| Task description |
Output every line below as it stands, dropping only the images.

| Given information |

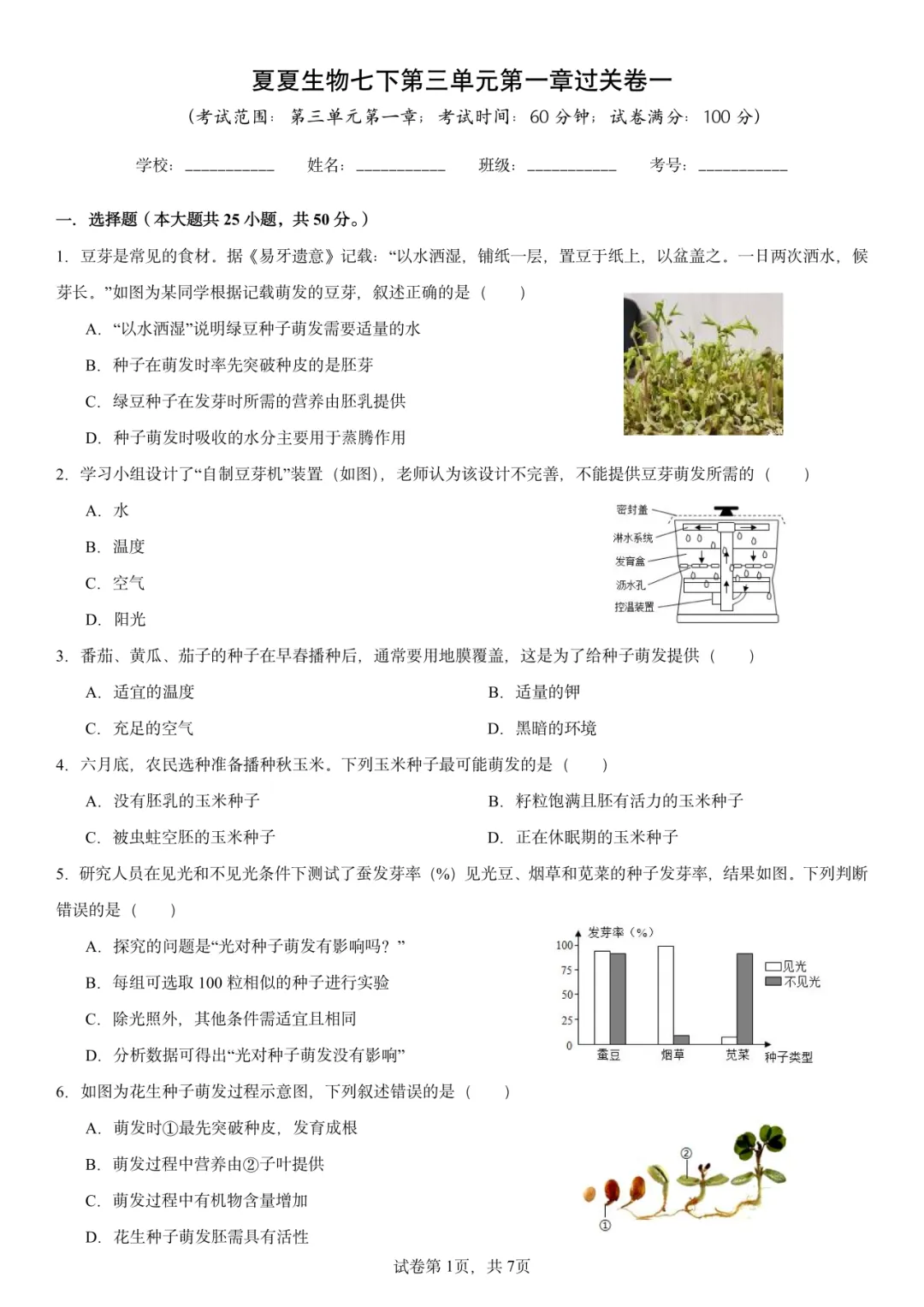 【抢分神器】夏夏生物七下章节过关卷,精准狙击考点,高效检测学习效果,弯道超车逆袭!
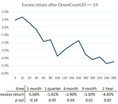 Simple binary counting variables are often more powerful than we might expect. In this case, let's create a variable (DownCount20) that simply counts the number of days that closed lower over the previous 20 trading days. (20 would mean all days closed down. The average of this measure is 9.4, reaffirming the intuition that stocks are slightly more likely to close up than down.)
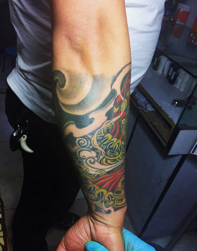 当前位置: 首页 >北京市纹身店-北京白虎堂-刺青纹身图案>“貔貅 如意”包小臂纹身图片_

| Response to the exercise |
 【抢分神器】夏夏生物七下章节过关卷,精准狙击考点,高效检测学习效果,弯道超车逆袭!
 Simple binary counting variables are often more powerful than we might expect. In this case, let's create a variable (DownCount20) that simply counts the number of days that closed lower over the previous 20 trading days. (20 would mean all days closed down. The average of this measure is 9.4, reaffirming the intuition that stocks are slightly more likely to close up than down.)
 当前位置: 首页 >北京市纹身店-北京白虎堂-刺青纹身图案>“貔貅 如意”包小臂纹身图片_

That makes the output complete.